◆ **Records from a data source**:
----------------------------------------

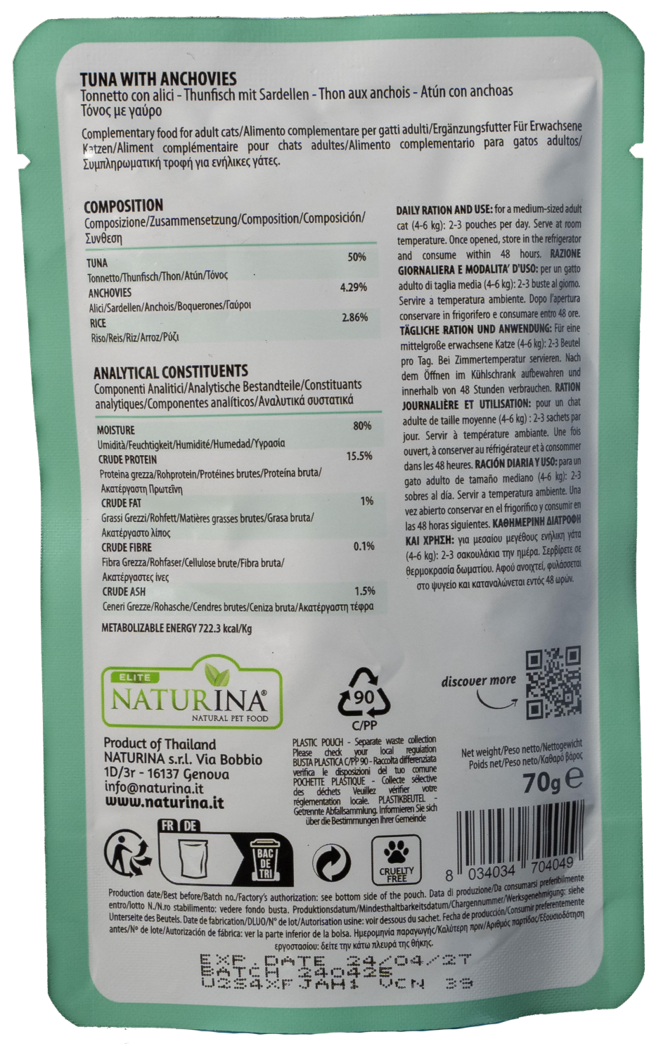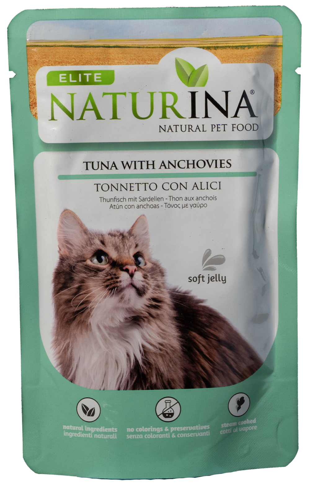 NATURINA ELITE TONNO con ALICI è un alimento complementare per gatti adulti in Soft Jelly: cucinato al vapore e conservato in morbida gelatina. Realizzato con parti pregiate di tonno e alici. Senza additivi, coloranti e conservanti aggiunti.
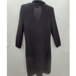 Calvin Klein Vintage Black Wavy Stripe Knit Side Buckle Shawl Collar Long Sleeve Midi Bodycon Dress
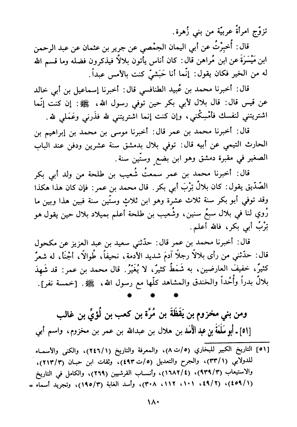 51 التاريخ الكبير للبخاري (5/ ت 8) ، والمعرفة والتاريخ (1/ 246) ، والكنى والأسماء للدولابي (1/ 33) ، والجرح والتعديل (5/ ت 493) ، وثقات ابن حبان (3/ 213) ، والاستيعاب (3/ 939) ، (4/ 1682) ، وأنساب القرشيين (269) ، والكامل في التاريخ (1/ 459) ، (2/ 49، 101، 112، 308) ، وأسد الغابة (3/ 195) ، وتجريد أسماء الصحابة (1/ ت 3381) ، وتهذيب الكمال (3369) ، وتهذيب التهذيب (5/ 278، 288) ، والإصابة (2/ ت 4783) ، وتقريب التهذيب (1/ 427) ، وخلاصة الخزرجي (2/ ت 3603) ، وحذف من نسب قريش (73) ، (74) .
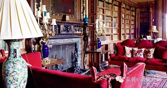 另外,沙发是书房里不可缺少的家具。像唐顿庄园中,书房里摆放的那个高靠背的大红色的沙发,就巧妙地成为了书房的中心,不仅因为颜色够跳,而且放置于中央的位置,体现了贵族之家的大气。同时红色绒布显得奢华,后面浅色花纹布艺沙发更是点睛之笔,让偌大的房间多了一点暖意。
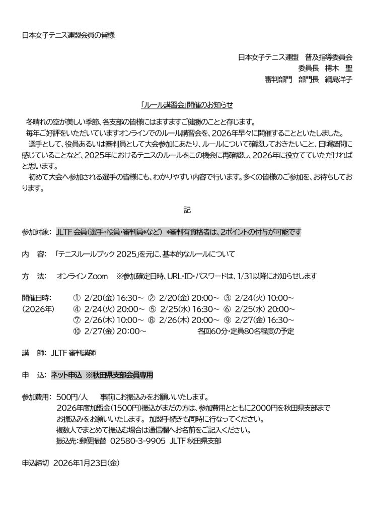 2026年2月、JLTF会員の皆さんを対象としたルール講習会をオンライン(ZOOM)で開催します。審判員資格をお持ちでない方もご参加可能です。ぜひこの機会に、日頃疑問に思っていること等ルールの再確認を行ないましょう!初めて大会へ参加される選手の皆さんにもわかりやすい内容で行ないます。多くの皆さんのご参加をお待ちしております。
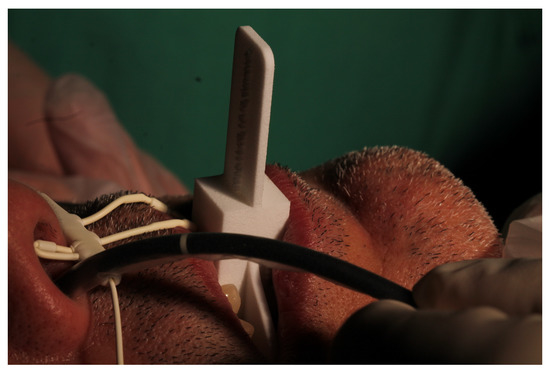 Finally, a bimanual mandibular advancement maneuver has been practiced for evaluating the degree of enlargement of the space in the sites of respiratory obstruction. With endoscopic evidence, we advanced the mandible from 4 to 5 mm by observing the positive effect on airway obstruction, snoring and oxygen saturation. The mandibular progress was then reproduced with the help of the fork: it was inserted into the mouth and the lower incisors were stuck in the groove of the lower part, which exactly reproduced their shape. Then, a front traction was performed on the fork handle, advancing the jaw until it was possible to insert the upper incisors in the groove present in the upper part, also faithfully identical to their morphology (Figure 5).
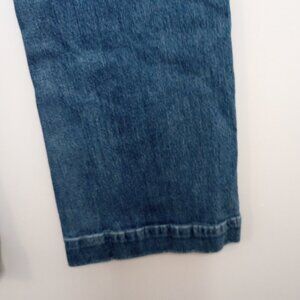 Measures (flat) approx. 13" across the waist, 9.5" front rise, 31" inseam, 9" leg opening.
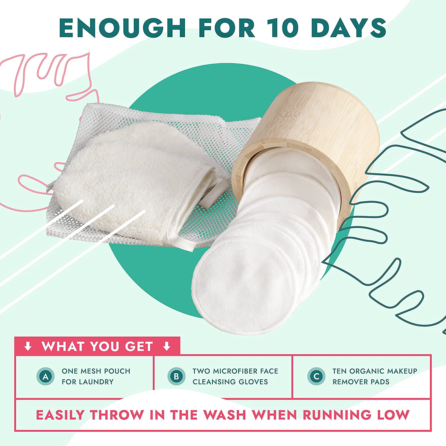• ECO-FRIENDLY & WASTE FREE: Replace your wasteful makeup wipes for good! Our organic makeup remover pads and cleansing gloves can be washed and reused hundreds of times, saving you money and reducing landfill waste. Our product replaces 10,000 disposable cotton balls! Even our packaging is plastic-free and can be recycled.
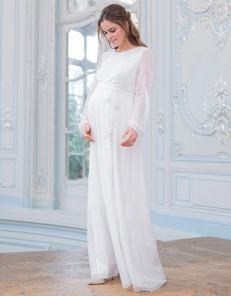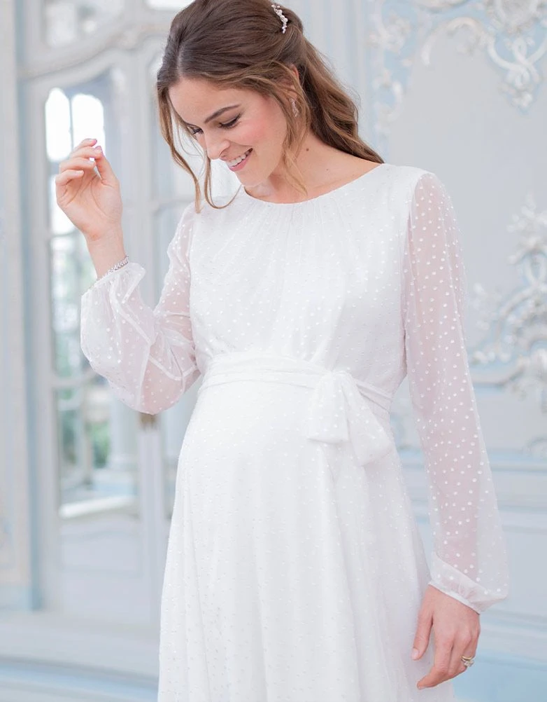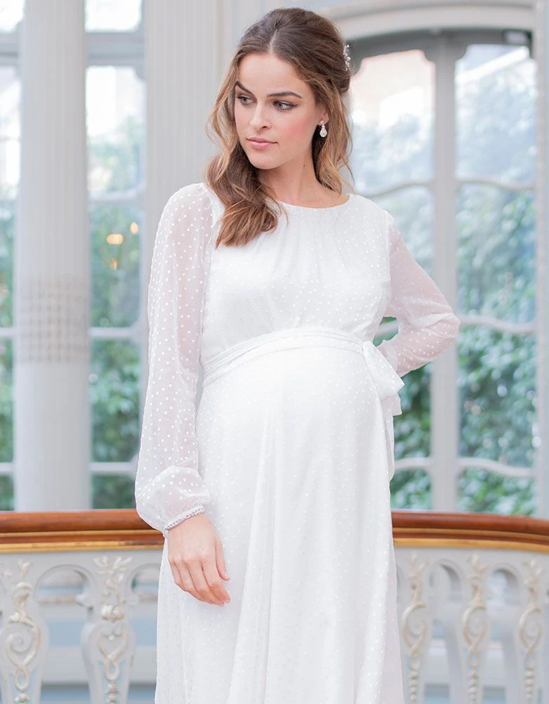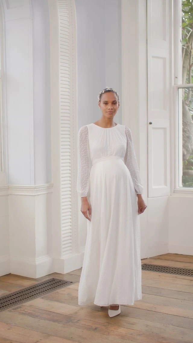 Manches longues avec un volume subtil et un dos en V sensuel, notre robe de mariée de grossesse en mousseline texturée combine une romance bohème avec une touche de modernité. Fabriquée en viscose délicatement texturée et entièrement doublée, cette robe englobe magnifiquement votre silhouette, tandis qu’une ceinture à nouer en option se fixe à la taille Empire, attirant l’œil vers votre point le plus mince. Des fronces douces à l’encolure complètent le look ultra-féminin – idéal pour votre journée spéciale.
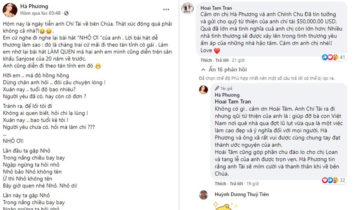 Trước tấm lòng của vợ chồng ca sĩ Hà Phương, một người em thân thiết của Chí Tài là nghệ sĩ Hoài Tâm đã gửi lời cảm ơn ở dưới phần bình luận: “Cảm ơn chị Hà Phương và anh Chính Chu đã tin tưởng và gửi cho quỹ từ thiện của anh chí tài $50,000.00 USD. Quà đã lớn mà tình nghĩa của anh chị còn lớn hơn; Nhiều nhà tình thương sẽ được xây lên trong tình thương yêu ấm áp của những nhà hảo tâm. Cám ơn anh chị nhé!! Love”.
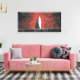 A chilling and atmospheric piece of dramatic canvas art perfect for long, horizontal wall spaces. The composition features a solitary white, draped figure (like a ghost or apparition) standing directly against a bold red brick wall. Dark, painterly shadows and moody textures enhance the cinematic, haunting aesthetic. This unique piece of horror or dark surrealism is ideal for bedrooms, gaming rooms, or any space needing a dark, narrative-driven focal point.
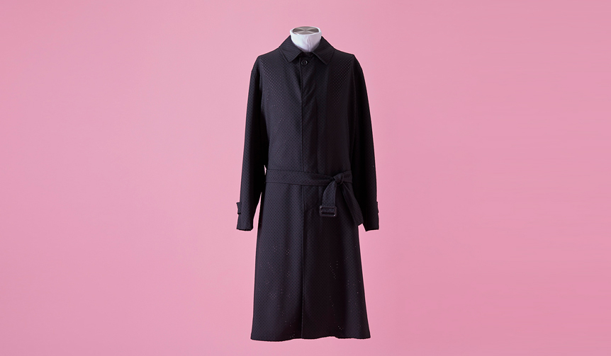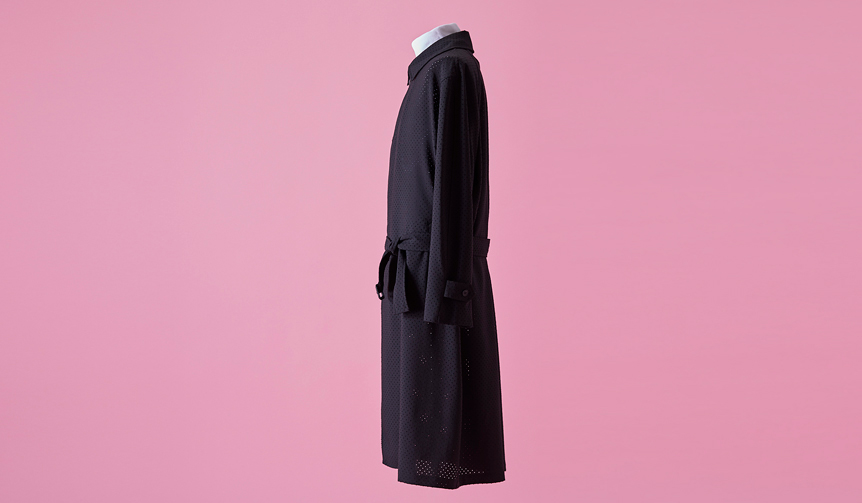 ラグランスリーブでゆったりしたサイズ感のベルテッドコートは、全面にあしらった細かなパンチングが春らしい軽さを実現。裏地のない一重仕立てなので……
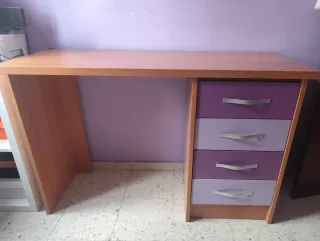 Escritorio juvenil con un diseño moderno y funcional. Hecho a medida y personalizado. Se entrega montado. - Tablero de madera. - Cajones en tonos morado y lila. - Tiradores metálicos.

----------------------------------------

◆ **Your instructions**:
Give the entries again word for word, but skip the pictures.

◆ **Response below**:
 NATURINA ELITE TONNO con ALICI è un alimento complementare per gatti adulti in Soft Jelly: cucinato al vapore e conservato in morbida gelatina. Realizzato con parti pregiate di tonno e alici. Senza additivi, coloranti e conservanti aggiunti.
 Calvin Klein Vintage Black Wavy Stripe Knit Side Buckle Shawl Collar Long Sleeve Midi Bodycon Dress
 51 التاريخ الكبير للبخاري (5/ ت 8) ، والمعرفة والتاريخ (1/ 246) ، والكنى والأسماء للدولابي (1/ 33) ، والجرح والتعديل (5/ ت 493) ، وثقات ابن حبان (3/ 213) ، والاستيعاب (3/ 939) ، (4/ 1682) ، وأنساب القرشيين (269) ، والكامل في التاريخ (1/ 459) ، (2/ 49، 101، 112، 308) ، وأسد الغابة (3/ 195) ، وتجريد أسماء الصحابة (1/ ت 3381) ، وتهذيب الكمال (3369) ، وتهذيب التهذيب (5/ 278، 288) ، والإصابة (2/ ت 4783) ، وتقريب التهذيب (1/ 427) ، وخلاصة الخزرجي (2/ ت 3603) ، وحذف من نسب قريش (73) ، (74) .
 另外,沙发是书房里不可缺少的家具。像唐顿庄园中,书房里摆放的那个高靠背的大红色的沙发,就巧妙地成为了书房的中心,不仅因为颜色够跳,而且放置于中央的位置,体现了贵族之家的大气。同时红色绒布显得奢华,后面浅色花纹布艺沙发更是点睛之笔,让偌大的房间多了一点暖意。
 2026年2月、JLTF会員の皆さんを対象としたルール講習会をオンライン(ZOOM)で開催します。審判員資格をお持ちでない方もご参加可能です。ぜひこの機会に、日頃疑問に思っていること等ルールの再確認を行ないましょう!初めて大会へ参加される選手の皆さんにもわかりやすい内容で行ないます。多くの皆さんのご参加をお待ちしております。
 Finally, a bimanual mandibular advancement maneuver has been practiced for evaluating the degree of enlargement of the space in the sites of respiratory obstruction. With endoscopic evidence, we advanced the mandible from 4 to 5 mm by observing the positive effect on airway obstruction, snoring and oxygen saturation. The mandibular progress was then reproduced with the help of the fork: it was inserted into the mouth and the lower incisors were stuck in the groove of the lower part, which exactly reproduced their shape. Then, a front traction was performed on the fork handle, advancing the jaw until it was possible to insert the upper incisors in the groove present in the upper part, also faithfully identical to their morphology (Figure 5).
 Measures (flat) approx. 13" across the waist, 9.5" front rise, 31" inseam, 9" leg opening.
• ECO-FRIENDLY & WASTE FREE: Replace your wasteful makeup wipes for good! Our organic makeup remover pads and cleansing gloves can be washed and reused hundreds of times, saving you money and reducing landfill waste. Our product replaces 10,000 disposable cotton balls! Even our packaging is plastic-free and can be recycled.
 Manches longues avec un volume subtil et un dos en V sensuel, notre robe de mariée de grossesse en mousseline texturée combine une romance bohème avec une touche de modernité. Fabriquée en viscose délicatement texturée et entièrement doublée, cette robe englobe magnifiquement votre silhouette, tandis qu’une ceinture à nouer en option se fixe à la taille Empire, attirant l’œil vers votre point le plus mince. Des fronces douces à l’encolure complètent le look ultra-féminin – idéal pour votre journée spéciale.
 Trước tấm lòng của vợ chồng ca sĩ Hà Phương, một người em thân thiết của Chí Tài là nghệ sĩ Hoài Tâm đã gửi lời cảm ơn ở dưới phần bình luận: “Cảm ơn chị Hà Phương và anh Chính Chu đã tin tưởng và gửi cho quỹ từ thiện của anh chí tài $50,000.00 USD. Quà đã lớn mà tình nghĩa của anh chị còn lớn hơn; Nhiều nhà tình thương sẽ được xây lên trong tình thương yêu ấm áp của những nhà hảo tâm. Cám ơn anh chị nhé!! Love”.
 A chilling and atmospheric piece of dramatic canvas art perfect for long, horizontal wall spaces. The composition features a solitary white, draped figure (like a ghost or apparition) standing directly against a bold red brick wall. Dark, painterly shadows and moody textures enhance the cinematic, haunting aesthetic. This unique piece of horror or dark surrealism is ideal for bedrooms, gaming rooms, or any space needing a dark, narrative-driven focal point.
 ラグランスリーブでゆったりしたサイズ感のベルテッドコートは、全面にあしらった細かなパンチングが春らしい軽さを実現。裏地のない一重仕立てなので……
 Escritorio juvenil con un diseño moderno y funcional. Hecho a medida y personalizado. Se entrega montado. - Tablero de madera. - Cajones en tonos morado y lila. - Tiradores metálicos.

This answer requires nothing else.